Output only the lines from the line holding "此次推介会最具新闻价值的核心" through the close of the records, exactly as they appear, with all pictures omitted.

__Task input__:
<<<<

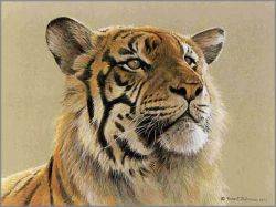 In a sense, this is a picture of grass. The striking vertical yellow and amber stalks with the intermittent shadows are as strong as the tiger's stripes. I wanted to set up a disturbing, electric tension between the shocking green sprig of grass near the center of the picture and the tiger's eyes - the only other green in the picture. - RB
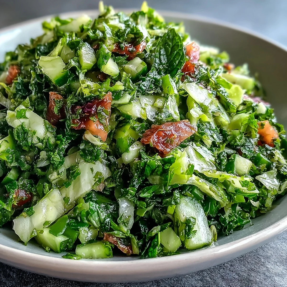 - Toss in the parsley and mint, using your hands to mix everything gently so the herbs don't bruise. The salad should look green and lively.
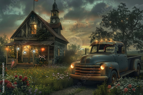 © spyrakot, Fototapeta premium Rustic Temple with Vintage Truck on Fourth of July
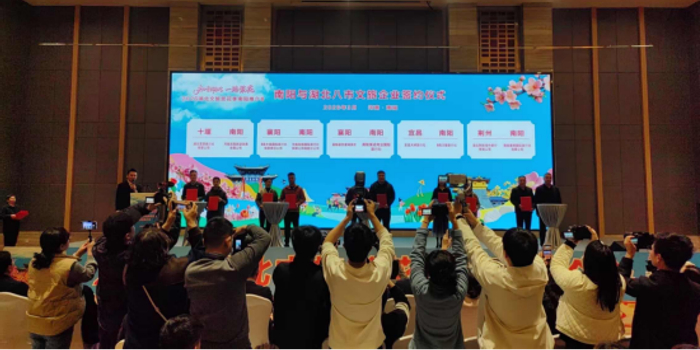 此次推介会最具新闻价值的核心环节,当属文旅企业签约与游客互送启动,成为推动豫鄂文旅深度合作的“关键一步”。18家来自南阳与湖北八市的文旅企业分两批登台签约,笔墨落处,是资源共享、客源互送、市场共拓的郑重承诺;双手紧握间,是优势互补、携手共赢的美好期许,为两地游客双向流动筑牢企业支撑。随后,两省九市文旅部门领导共同启动游客互送活动,全场倒计时的欢呼声中,标志着豫鄂两地游客互送正式进入常态化、规模化新阶段,将有效打破区域市场壁垒,激活文旅消费潜力,让两地群众共享文旅发展红利。
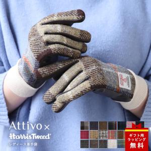 ハリスツイード 革手袋 レディース スマホ対応 本革 レザーグローブ リブ付 ブランド Attivo ATHT04 CW
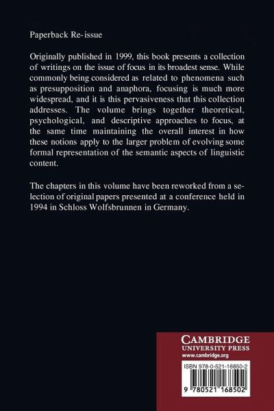 This book presents a collection of papers on the issue of focus in its broadest sense. While commonly being considered as related to phenomena such as presupposition and anaphora, focusing is much more widely spread, and it is this pervasiveness that this collection addresses. The volume explicitly aims to bring together theoretical, psychological, and descriptive approaches to focus, at the same time maintaining the overall interest in how these notions apply to the larger problem of evolving some formal representation of the semantic aspects of linguistic content. The contributed papers to this volume have been reworked from a selection of original work presented at a conference held in 1994 in Schloss Wolfsbrunnen in Germany.
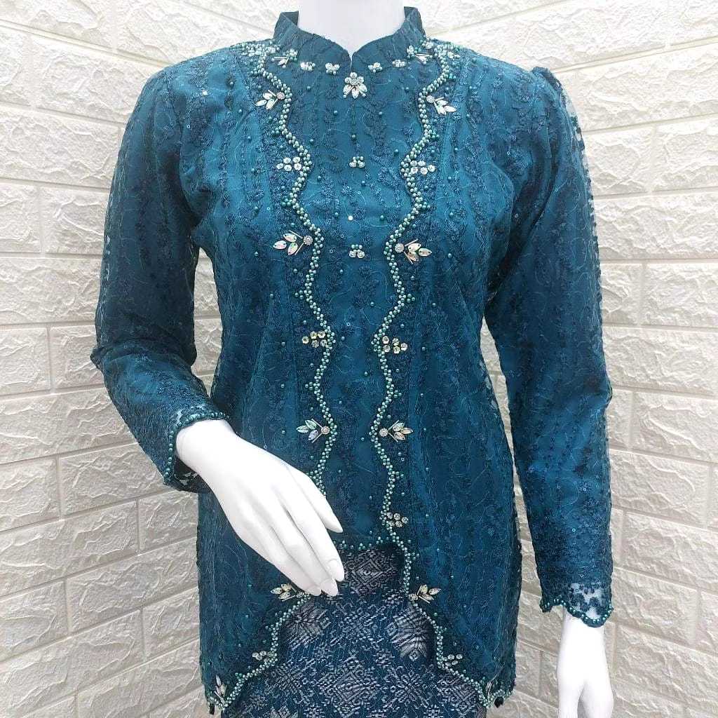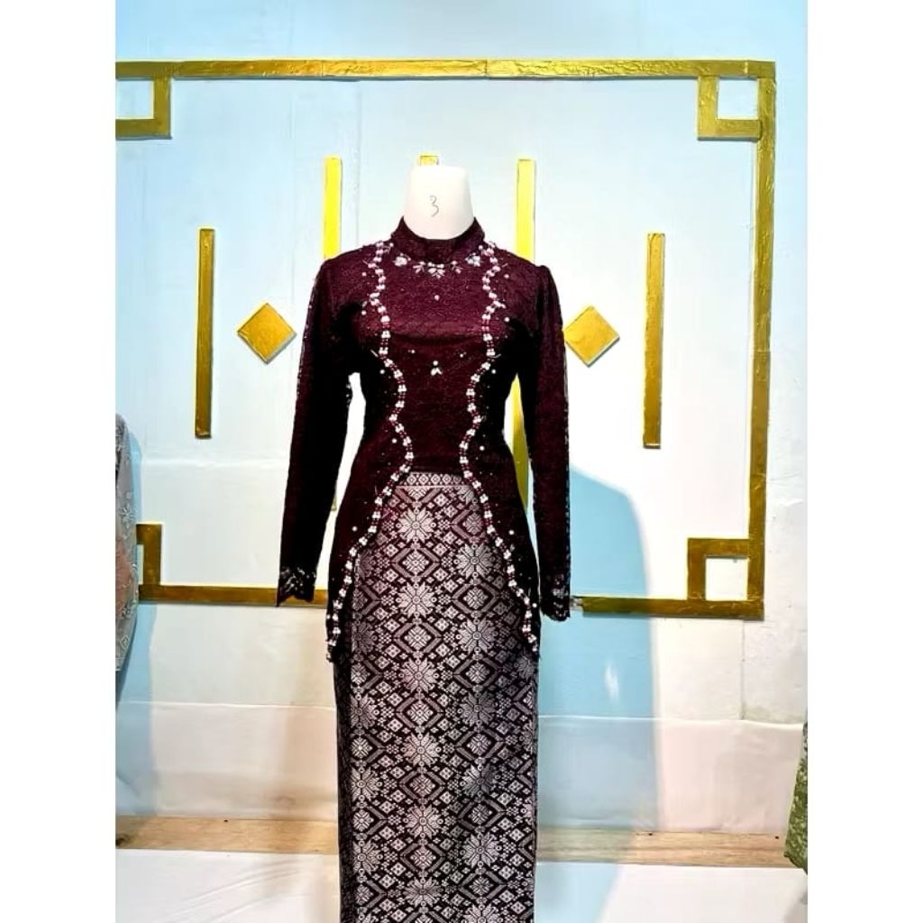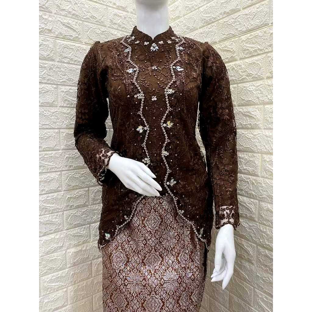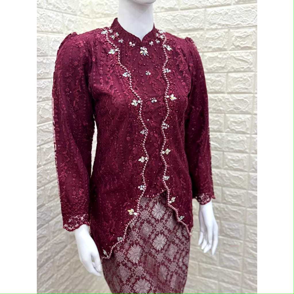 Kebaya Modern Premium Lace Berfuring Set + FREE Hijab - Baju Kondangan Lamaran Wisuda Formal Wanita
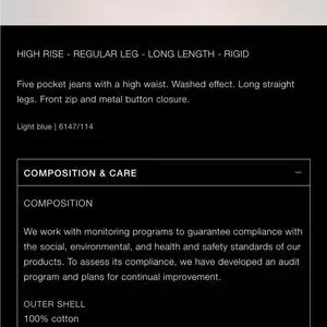 Chic straight leg design. 100% cotton rigid denim fabric. Ideal for casual wear. Worn once.
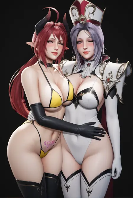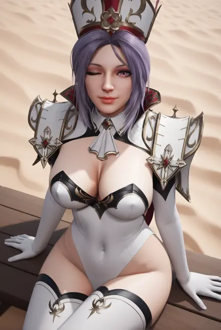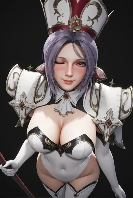 | 训练词汇 | High priestess, medium hair, pink eyes, grey hair, purple hair, ponytail, large breasts, mitre, cleavage, elbow gloves, white gloves, white thighhighs, white headwear, shoulder armor, strapless leotard, highleg leotard, pauldrons, white leotard, shrug (clothing), white thighhighs, white askot, high heels已复制! |
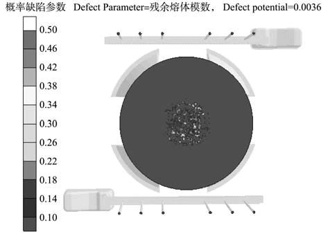 圖11 凝固過程 2.3.5 殘余熔體模數模擬 圖12為鑄造過程中活塞殘余熔體的仿真結果。從圖中可以看出,殘余熔體模數面積相比于首次,明顯降低,由于此位置較厚,縮孔無法完全消除,但有縮減趨勢。

>>>>

__Response box__:
 此次推介会最具新闻价值的核心环节,当属文旅企业签约与游客互送启动,成为推动豫鄂文旅深度合作的“关键一步”。18家来自南阳与湖北八市的文旅企业分两批登台签约,笔墨落处,是资源共享、客源互送、市场共拓的郑重承诺;双手紧握间,是优势互补、携手共赢的美好期许,为两地游客双向流动筑牢企业支撑。随后,两省九市文旅部门领导共同启动游客互送活动,全场倒计时的欢呼声中,标志着豫鄂两地游客互送正式进入常态化、规模化新阶段,将有效打破区域市场壁垒,激活文旅消费潜力,让两地群众共享文旅发展红利。
 ハリスツイード 革手袋 レディース スマホ対応 本革 レザーグローブ リブ付 ブランド Attivo ATHT04 CW
 This book presents a collection of papers on the issue of focus in its broadest sense. While commonly being considered as related to phenomena such as presupposition and anaphora, focusing is much more widely spread, and it is this pervasiveness that this collection addresses. The volume explicitly aims to bring together theoretical, psychological, and descriptive approaches to focus, at the same time maintaining the overall interest in how these notions apply to the larger problem of evolving some formal representation of the semantic aspects of linguistic content. The contributed papers to this volume have been reworked from a selection of original work presented at a conference held in 1994 in Schloss Wolfsbrunnen in Germany.
 Kebaya Modern Premium Lace Berfuring Set + FREE Hijab - Baju Kondangan Lamaran Wisuda Formal Wanita
 Chic straight leg design. 100% cotton rigid denim fabric. Ideal for casual wear. Worn once.
 | 训练词汇 | High priestess, medium hair, pink eyes, grey hair, purple hair, ponytail, large breasts, mitre, cleavage, elbow gloves, white gloves, white thighhighs, white headwear, shoulder armor, strapless leotard, highleg leotard, pauldrons, white leotard, shrug (clothing), white thighhighs, white askot, high heels已复制! |
 圖11 凝固過程 2.3.5 殘余熔體模數模擬 圖12為鑄造過程中活塞殘余熔體的仿真結果。從圖中可以看出,殘余熔體模數面積相比于首次,明顯降低,由于此位置較厚,縮孔無法完全消除,但有縮減趨勢。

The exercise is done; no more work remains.